Records drawn from a dataset
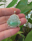 Baikalla "Laughing Buddha" 14k Gold Genuine Green Jadeite Jade with VS1 Diamonds
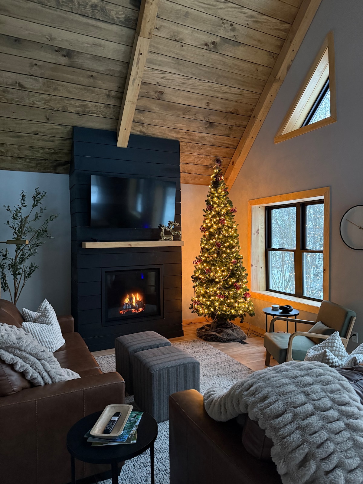 Escape to the serenity of the Tiny Timber cabin, where stunning nature views and modern comfort await. This charming 450 sqft cabin offers a cozy respite from the hustle and bustle, with breathtaking scenic views that will leave you in awe. Nestled within reach -fantastic lakes, nearby restaurants, and a host of recreational activities, this is the perfect base for your getaway. Unwind, have a campfire, enjoy the sauna, play games or simply relax and soak in the beauty of the surroundings.
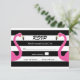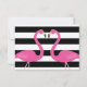 Les flamants roses amusants mettent en avant cette carte de réponse Mariage chic sur un arrière - plan rayé noir et blanc, ce qui en fait une adresse idéale pour une destination, une plage, un mariage hawaïen, caribéen ou tropical. Les éléments de coordination se trouvent dans la collection de Mariages de Flamants roses tendance.
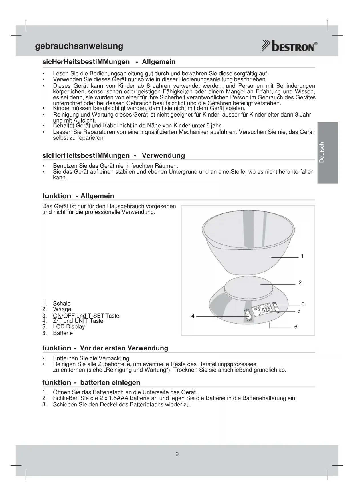 DEK4150 - Küchenwaage BESTRON - Kostenlose Bedienungsanleitung
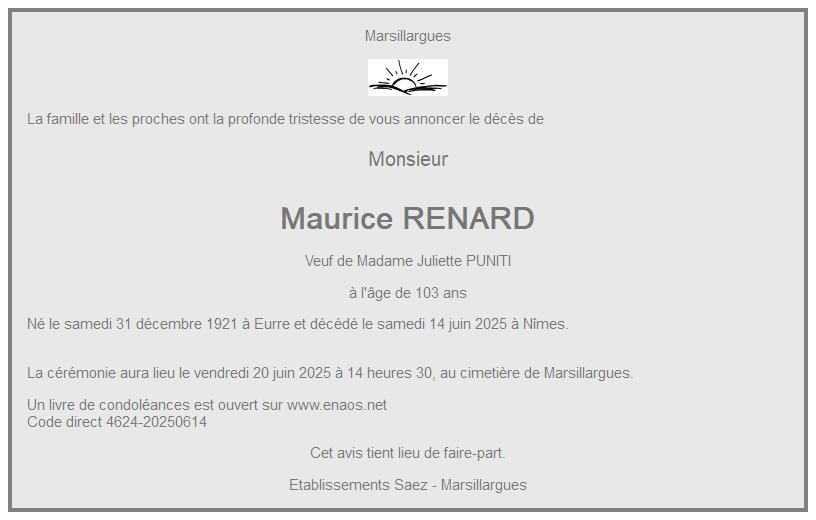 Cet espace « condoléances » est dédié à la mémoire de Monsieur Maurice RENARD.

● About this exercise: With pictures left out, repeat exactly the lines from the line bearing "DEK4150 - Küchenwaage" through the final line of the records above.

● Output:
 DEK4150 - Küchenwaage BESTRON - Kostenlose Bedienungsanleitung
 Cet espace « condoléances » est dédié à la mémoire de Monsieur Maurice RENARD.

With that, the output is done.